==== EXTRACTED ENTRIES ====
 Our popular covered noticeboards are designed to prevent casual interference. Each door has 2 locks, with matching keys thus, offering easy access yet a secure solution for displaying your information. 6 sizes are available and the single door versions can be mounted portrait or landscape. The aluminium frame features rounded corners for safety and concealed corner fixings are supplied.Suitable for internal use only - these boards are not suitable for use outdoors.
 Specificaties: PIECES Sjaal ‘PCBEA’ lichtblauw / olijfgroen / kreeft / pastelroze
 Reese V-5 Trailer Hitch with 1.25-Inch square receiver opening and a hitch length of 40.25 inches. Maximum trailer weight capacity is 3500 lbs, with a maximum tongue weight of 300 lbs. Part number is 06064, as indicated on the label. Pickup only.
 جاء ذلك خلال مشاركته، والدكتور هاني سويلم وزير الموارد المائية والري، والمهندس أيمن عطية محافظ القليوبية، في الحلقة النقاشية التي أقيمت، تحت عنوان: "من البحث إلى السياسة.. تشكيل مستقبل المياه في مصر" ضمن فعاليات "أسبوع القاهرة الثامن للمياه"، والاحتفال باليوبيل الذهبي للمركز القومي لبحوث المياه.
====
==== EXTRACTED ENTRIES ====
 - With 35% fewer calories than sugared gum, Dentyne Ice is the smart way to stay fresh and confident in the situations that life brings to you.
====
* TASK TO CARRY OUT *
Print, from the entries above, the line with "Our popular covered", the line with "جاء ذلك خلال" and all lines between them, exactly and with nothing else.

* RESPONSE TO THE TASK *
 Our popular covered noticeboards are designed to prevent casual interference. Each door has 2 locks, with matching keys thus, offering easy access yet a secure solution for displaying your information. 6 sizes are available and the single door versions can be mounted portrait or landscape. The aluminium frame features rounded corners for safety and concealed corner fixings are supplied.Suitable for internal use only - these boards are not suitable for use outdoors.
 Specificaties: PIECES Sjaal ‘PCBEA’ lichtblauw / olijfgroen / kreeft / pastelroze
 Reese V-5 Trailer Hitch with 1.25-Inch square receiver opening and a hitch length of 40.25 inches. Maximum trailer weight capacity is 3500 lbs, with a maximum tongue weight of 300 lbs. Part number is 06064, as indicated on the label. Pickup only.
 جاء ذلك خلال مشاركته، والدكتور هاني سويلم وزير الموارد المائية والري، والمهندس أيمن عطية محافظ القليوبية، في الحلقة النقاشية التي أقيمت، تحت عنوان: "من البحث إلى السياسة.. تشكيل مستقبل المياه في مصر" ضمن فعاليات "أسبوع القاهرة الثامن للمياه"، والاحتفال باليوبيل الذهبي للمركز القومي لبحوث المياه.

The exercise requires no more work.